Provides a complete analogue of the [`actix-web-grants`] and [`poem-grants`].
## How to use
1. Declare your own permission extraction function
The easiest way is to declare a function with the following signature:
```rust,ignore
// You can use custom type instead of String
async fn extract(req: &rocket::Request<'_>) -> Option<Vec<String>>
```
2. Add fairing to your application using the extraction function defined in step 1
```rust,ignore
rocket::build().mount("/api", rocket::routes![endpoint])
.attach(GrantsFairing::with_extractor_fn(|req| {
Box::pin(extract(req)) // example with a separate async function, but you can write a closure right here
}))
```
> Steps 1 and 2 can be replaced by integration with your custom fairing.
3. Protect your endpoints in any convenient way from the examples below:
### Example of `proc-macro` way protection
```rust,no_run
#[rocket_grants::has_permissions("OP_READ_SECURED_INFO")]
#[rocket::get("/")]
async fn macro_secured() -> &'static str {
"ADMIN_RESPONSE"
}
```
<details>
<summary> <b><i> Example of ABAC-like protection and custom permission type </i></b></summary>
<br/>
Here is an example using the `type` and `secure` attributes. But these are independent features.
`secure` allows you to include some checks in the macro based on function params.
`type` allows you to use a custom type for the roles and permissions (then the fairing needs to be configured).

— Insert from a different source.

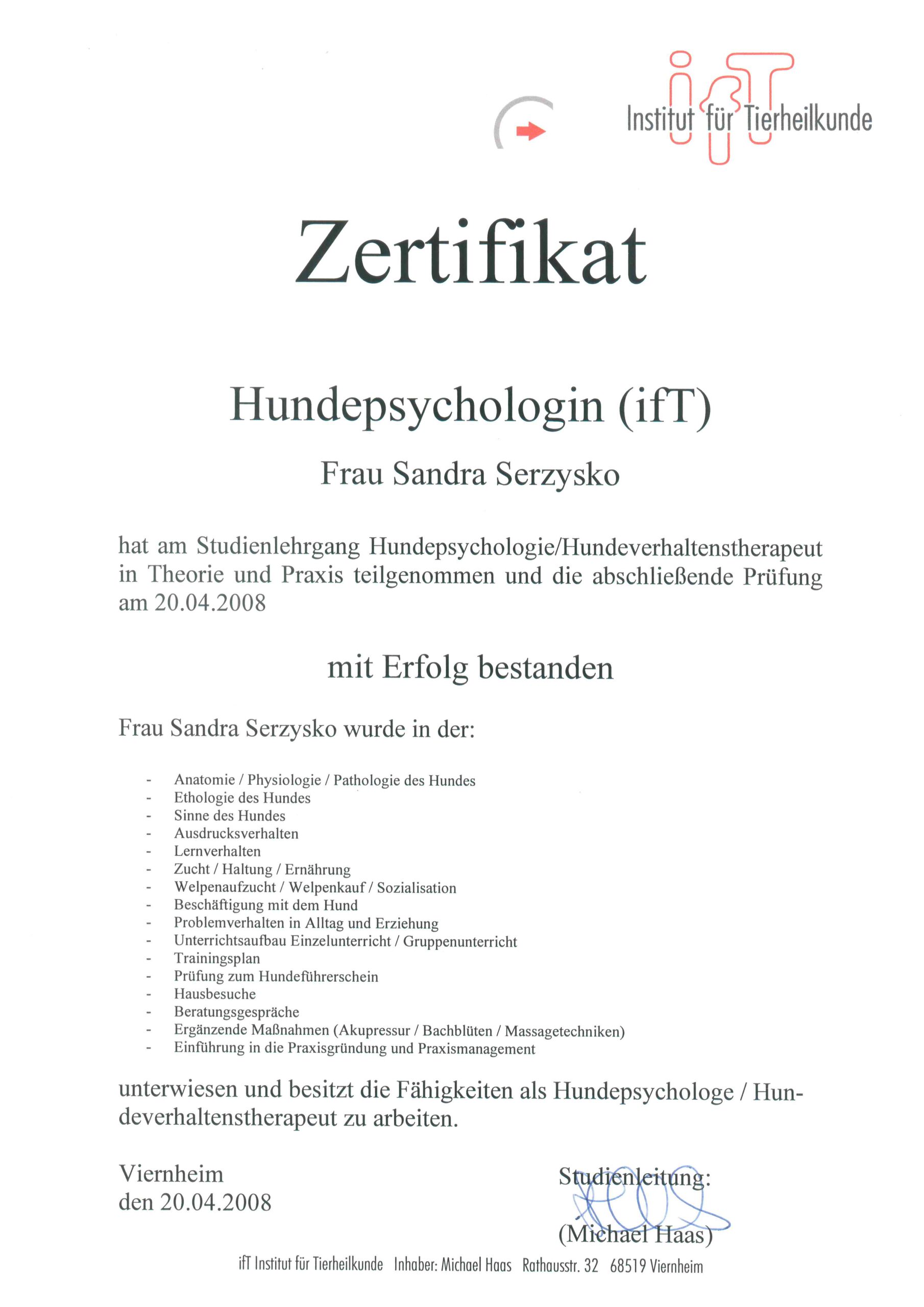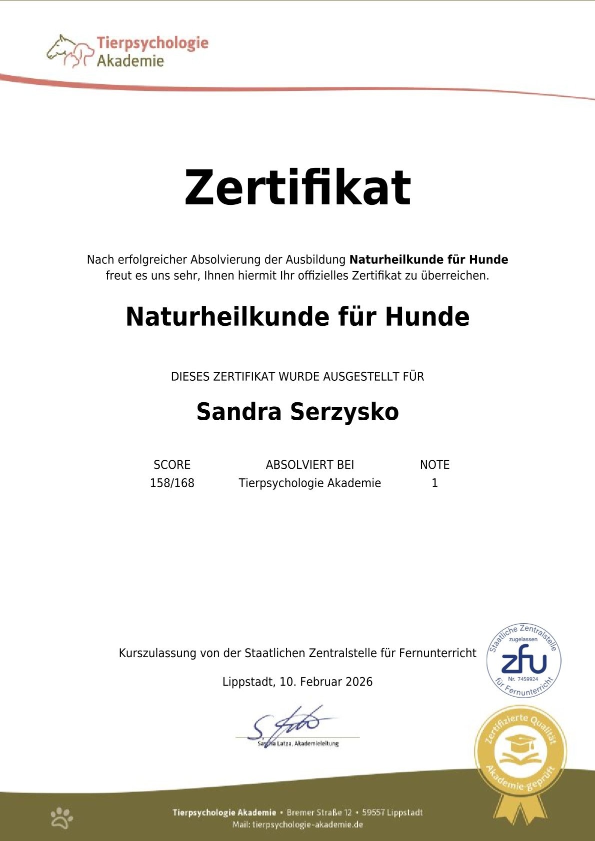 So begann ich mein zweijähriges Studium der Hundepsychologie am Institut für Tierheilkunde bei Heidelberg – mit fundierter Theorie, intensiver Praxis und inspirierenden Dozenten, die mein professionelles Fundament geprägt haben.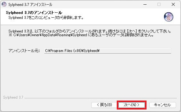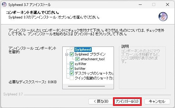 Sylpheedメールソフト アンインストール方法

Take a look at an [enum-role example](../examples/enum-role/src/main.rs)
```rust,ignore
use enums::Role::{self, ADMIN};
use dto::User;
#[rocket_grants::has_roles("USER", secure = "user_id == user.id")]
#[rocket::post("/secure/<user_id>", data = "<user>")]
async fn role_macro_secured_with_params(user_id: i32, user: Json<User>) -> &'static str {
"some secured info with parameters"
}
```
</details>
### Example of manual way protection
```rust,no_run
use rocket_grants::permissions::{AuthDetails, PermissionsCheck};
#[rocket::get("/")]
async fn manual_secure(details: AuthDetails) -> &'static str {
if details.has_permission("ROLE_ADMIN") {
return "ADMIN_RESPONSE"
}
"OTHER_RESPONSE"
}
```
You can find more [`examples`] in the git repository folder and [`documentation`].
# Error customization
Custom error responses can be specified using Rocket catchers. See the Rocket documentation for [catchers](https://doc.rust-lang.org/cargo/commands/cargo-doc.html).
You can set up custom responses for:
`401 Unauthorized` - when it wasn't possible to obtain authorization data from the request in your extractor.
`403 Forbidden` - when the permissions did not match the specified for the endpoint.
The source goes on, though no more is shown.